Published April 25, 2019
You could say we are in a sellers’ market when it comes to talent, with job seekers now finding employers fighting to hire them.
Data from the U.S. Labor Department shows a near record low unemployment rate at 3.7%. At the same time, private sector hourly wages are up 2.8% from last year, indicating employers are upping their pay to remain competitive.
While finding the right amount and level of talent to achieve business goals is the most important business objective for 21% of employers — according to Aflac’s WorkForces Report, a survey on benefit trends — attracting and retaining talent is not always easy, especially in today’s tight labor market. Businesses face fierce competition for top talent. While salary is still an important factor, offering a comprehensive benefits package that appeals to a wide range of workers is another area where employers can have a competitive edge.
In fact, 55% of employees admitted they are at least somewhat likely to take a job with slightly lower pay, but a more robust benefits package, the survey said. The importance of employee benefits is only heightening, and employers are turning to advisors for answers.
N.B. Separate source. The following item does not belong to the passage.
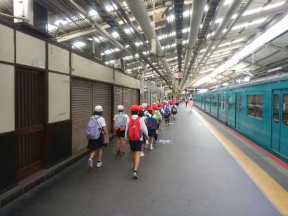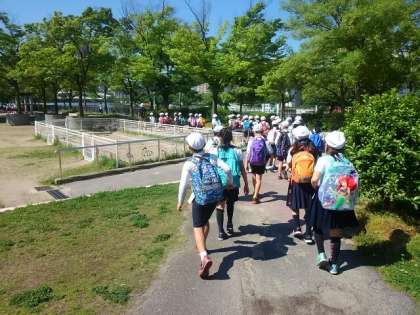 晴天となり絶好の遠足日和の今日。3年生は長居公園に遠足に出発しました。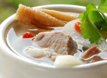 6、加入去皮、切成滚刀块的山药,大火烧开后,改中水,炖至山药熟烂,加入盐、鸡精调味即可

As companies map out their hiring strategies for the rest of 2019, below are three ways benefit advisors can help clients build an informed, loyal workforce.
Understand changing workforce expectations
The values of younger generations are redefining the way companies attract and retain talent. This is not surprising considering that more than 1 in 3 American workers (35%) are millennials, according to Pew Research Center. And there is a whole new group of workers just getting started in the labor market companies should begin to consider. Generation Z is made up of approximately 61 million people in the U.S., with the oldest graduating college this year. Together, these influential generations have different expectations from their older counterparts. As the youngest employees in the workforce, millennials and Gen Zers are typically healthier and further from retirement, so they are focused on short-term financial priorities like repaying student loans and building up an emergency fund. Younger workers do not typically consider traditional insurance and retirement benefits as differentiators.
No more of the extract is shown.